### [Task]
From the listing below, copy only the lines from the line that contains "a)平板型閥芯、b)柱塞型閥芯 、c)球型、針型閥芯 、" to the line that contains "花衣裳 蝴蝶结蓬蓬纱头纱鲜花包装手工材料花束纱网头饰花店花艺", counting those two lines as part of the copy.

### [Supplied material]
-*-*-
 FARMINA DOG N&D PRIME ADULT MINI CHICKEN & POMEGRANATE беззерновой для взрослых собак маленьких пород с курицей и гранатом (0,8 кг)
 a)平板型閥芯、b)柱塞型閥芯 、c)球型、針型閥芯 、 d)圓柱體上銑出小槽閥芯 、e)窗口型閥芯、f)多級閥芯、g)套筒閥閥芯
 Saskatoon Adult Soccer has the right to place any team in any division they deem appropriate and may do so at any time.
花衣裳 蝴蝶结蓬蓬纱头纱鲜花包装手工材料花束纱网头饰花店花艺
-*-*-
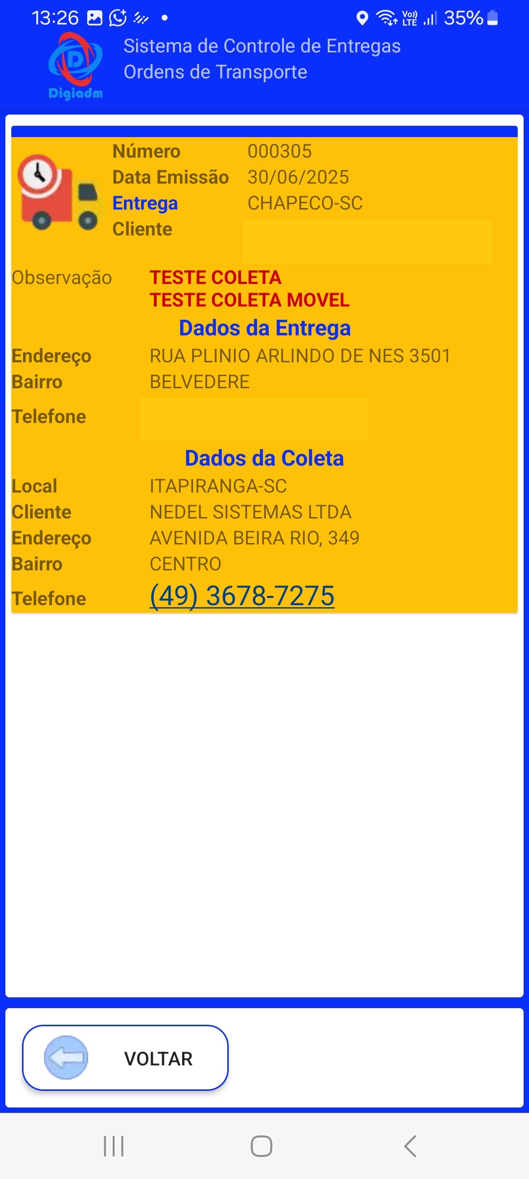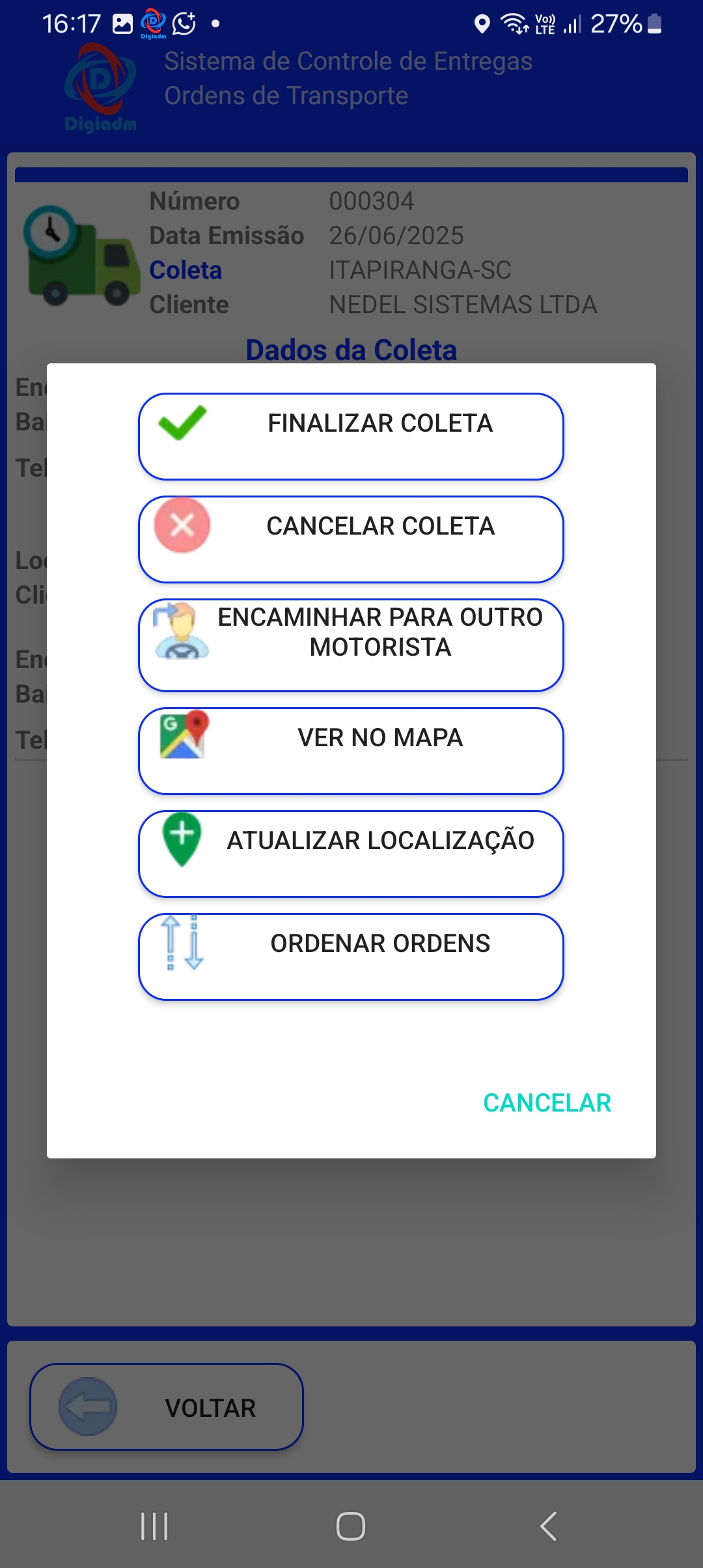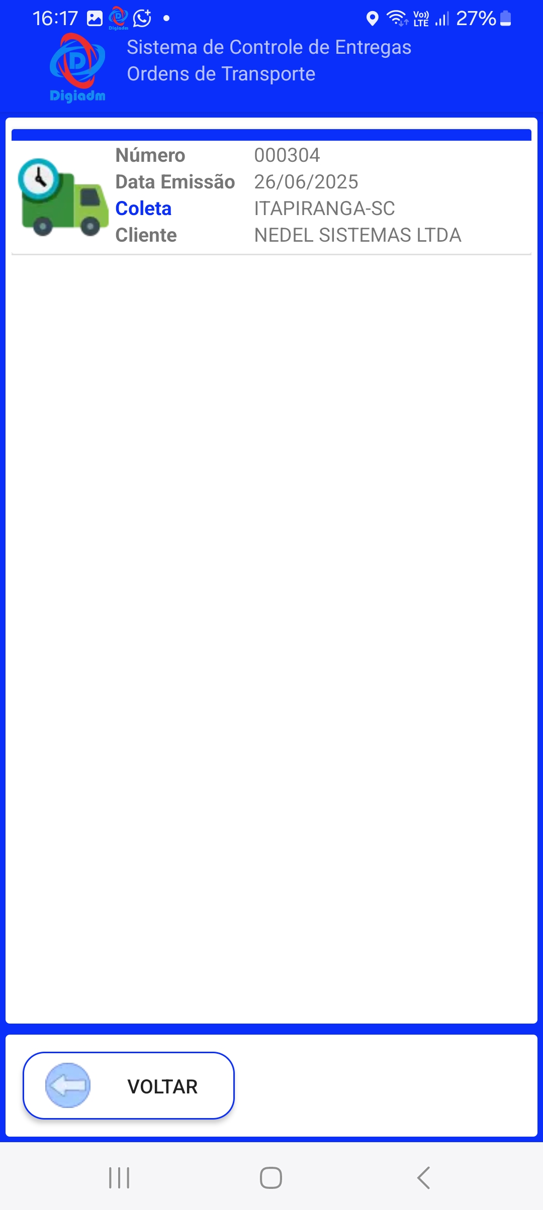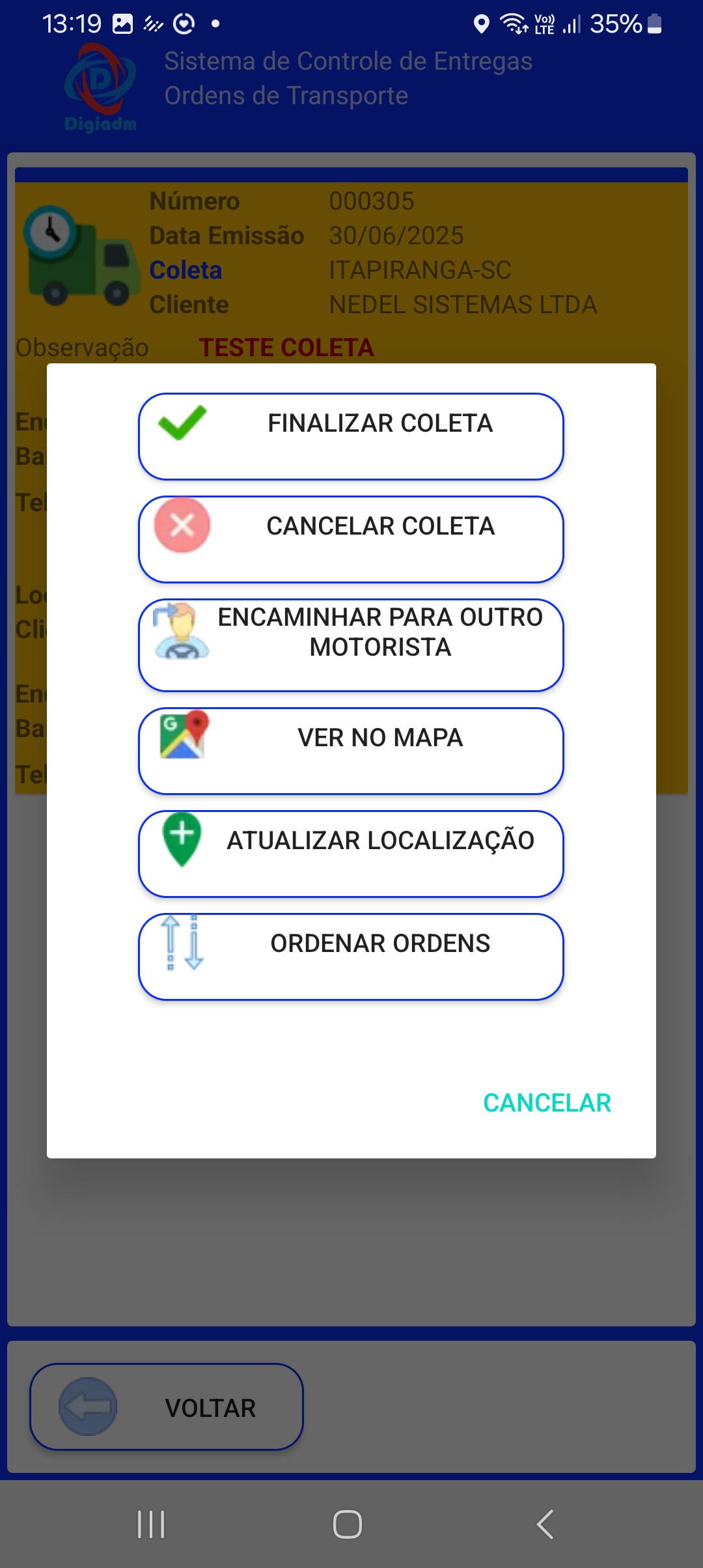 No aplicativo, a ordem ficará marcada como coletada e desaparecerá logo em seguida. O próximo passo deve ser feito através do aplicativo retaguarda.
-*-*-
### [Task response]
 a)平板型閥芯、b)柱塞型閥芯 、c)球型、針型閥芯 、 d)圓柱體上銑出小槽閥芯 、e)窗口型閥芯、f)多級閥芯、g)套筒閥閥芯
 Saskatoon Adult Soccer has the right to place any team in any division they deem appropriate and may do so at any time.
花衣裳 蝴蝶结蓬蓬纱头纱鲜花包装手工材料花束纱网头饰花店花艺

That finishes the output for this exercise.